In Tennessee, a compensable worker’s compensation injury must “arise primarily out of and occur in the course and scope of employment.” An injury is deemed to arise primarily out of and in the course and scope of employment “only if it has been shown by a preponderance of the evidence that the employment contributed more than fifty percent (50%) in causing the injury, considering all causes.” Tenn. Code Ann. 50- 6-102 (B) (14). An injury occurs in the course of employment if it takes place while the employee was performing a duty he or she was employed to perform. Fink v. Caudle, 856 S. W. 2d 952 (Tenn. Workers’ Comp. Panel 1993). The course of employment requirement focuses on the time, place, and circumstances of the injury. Saylor v Lakeway Trucking Inc, 181 S.W. 3d 314 (Tenn. 2005).

Is an Employer Responsible for Injury While Driving To and From Work?

Generally, injuries sustained by an employee while traveling to or from work are not considered within the course of employment unless they occur on the employer’s premises. This has become known as the going and coming rule, but with most rules, there comes exceptions.

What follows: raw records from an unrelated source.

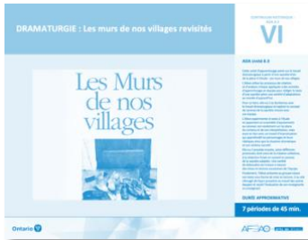
Version intégrale DRAMATURGIE : Les murs de nos villages revisités
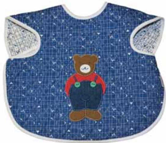
Ärmellätzchen Bär blau Art.-Nr. .... 090609
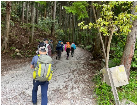
1. 伏見林道から登る

新緑の季節に近場で四季の花の山としても有名な金剛山を巡った。登りは金剛山ロープウェイ前の伏見林道から入って沢筋を辿る寺谷ルート, 下りは単調な階段続きのしかし金剛登山のメインルートである千早本道。道中, 寺谷の谷合でまた稜線伝いの遊歩道でそれなりに季節の花を楽しむことができた。予報では必ずしも好ましい天気ではなかったが, 下山初めのぱらつき始めた雨を掠めた程度で, 全行程を新緑のなか快適にハイキングできた。
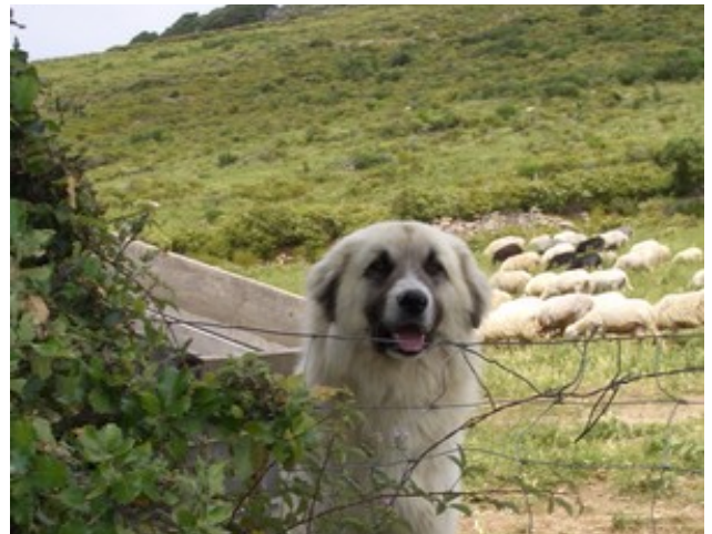
Troupeau de moutons et son sympathique gardien

Special Errand Rule: An employee may be compensated for an off-premises injury “while performing some special act, assignment or mission at the direction of the employer. If the travel is under the direction of the employer, then the employer can be held liable for an accident or injury that may occur. However, this liability may go away if the employee goes on a “frolic” not under the direction of the employer. This “frolic” can be described as travel that is not under the direction of the employer or off route or possibly a route that wasn’t the intent of the employer.

Tools with Travel Reimbursement: The Tennessee Supreme Court has also recognized an employee’s “need to carry his own carpentry tools in his truck, combined with a provision for travel reimbursement in the employment contract,” as sufficient to remove a case from the general rule of the “going and coming cases.” Smith v Royal Globe Ins. Co. 551 S.W. 2d 679 (Tenn. 1997). With this exception, there is an extra requirement where the journey itself is a substantial part of the services for which the worker was employed and compensated.

Traveling Employee: Another exception concerns the “traveling employee.” This is generally applied to employees who travel extensively to further the employer’s business, such as a traveling salesman. The travel is an integral part of the job and differs from an ordinary commuter’s travel, thereby exposing the traveling employee to greater risks. Howard v Cornerstone Med. Assoc., 54 S.W. 3d 238, 240 (Tenn. 2001). However, the drive to and from work still doesn’t cover the traveling employee if the employee is not compensated for that mileage or time.

Vehicles Owned by Employer: Where transportation is furnished by an employer as an incident of the employment, injuries suffered by an employee while going to or returning from work in the vehicle furnished by the employer and under the employer’s control arise out of and are within the course of the employment. Norwood v Tellico River Lumber Co., 244 S.W. 490,491 (Tenn. 1922). In the Norwood case from 1922, a worker died while riding an employer furnished horse to work. The holding was that the death was by reason of an accident arising out of and in the course of his employment. Id. This has been good Tennessee law ever since.

 

Take Aways

If you, as the employer, are paying for travel, whether it is time or mileage, chances are the company will be on the hook for liability for those travels. If your employee is traveling for company business or under the direction of the company, then the company is likely on the hook here as well. Best practice is to have clear cut policies in your employee handbook to address when the employee is “on the clock” when it comes to their travels. If you are furnishing vehicles to employees or paying for travels in their personal vehicles, it would be a good idea to run annual motor vehicle reports on those employees. Have them sign a consent form before you do so. If a person has a bad driving history, it’s not a good idea to have this person traveling for your business. This could lead to potential punitive damages if something does happen.